2/110-112D: DMA expresses impatience at the examination-in-
chief of David Rea by Remo Rea, from “my generosity is now at anend” [110F] to Remo Rea being persuaded to sit down [112E].
DEPUTY MASTER ARKUSH: -and you are just asking generalised questions. That is not what you are permitted to do. These paragraphs in the witness statement I am receiving as David Rea’s evidence. It is as if he is speaking them in court. They are taken as read. This is not an opportunity just to repeat them. Mostly, in courts, witnesses do not get any of these questions.
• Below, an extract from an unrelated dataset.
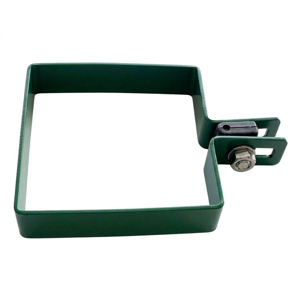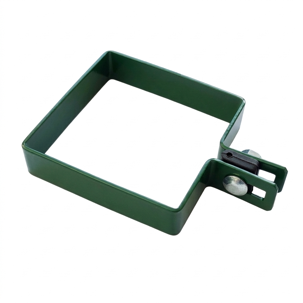 A abraçadeira é fabricada em chapa de aço com 2 mm de espessura revestida com revestimento em pó na cor verde RAL 6005, o que garante elevada resistência à corrosão, aspecto estético e durabilidade de muitos anos em condições atmosféricas variáveis. A cor RAL 6005 combina perfeitamente com os sistemas de vedação em painel mais populares disponíveis no mercado. A construção sólida garante uma fixação estável do painel de vedação ao poste, eliminando o risco de afrouxamento da fixação sob influência do vento ou vibrações.

Their witness statement is taken as read and then they are asked – cross-examined on it by opposing counsel. I have been very generous in allowing you to ask lots of questions which basically only serve to repeat what the witness statement has already said, but I am not
– my generosity is now at an end …
Comment: The Deputy Master had indicated at the beginning of Remo’s examination-in-chief of David that he should not be seeking simply to go over the ground in David’s witness statement (Transcript p. 100F). The extract above was preceded by approximately 10 transcript pages of largely uninterrupted examination by Remo. At p. 105 the Deputy Master said he was being quite indulgent about leading questions and (pp. 105 and 106) had explained how he would treat certain matters as matters of submission. His curtailment of the examination-in-chief at p. 110 was justified and was not unfair.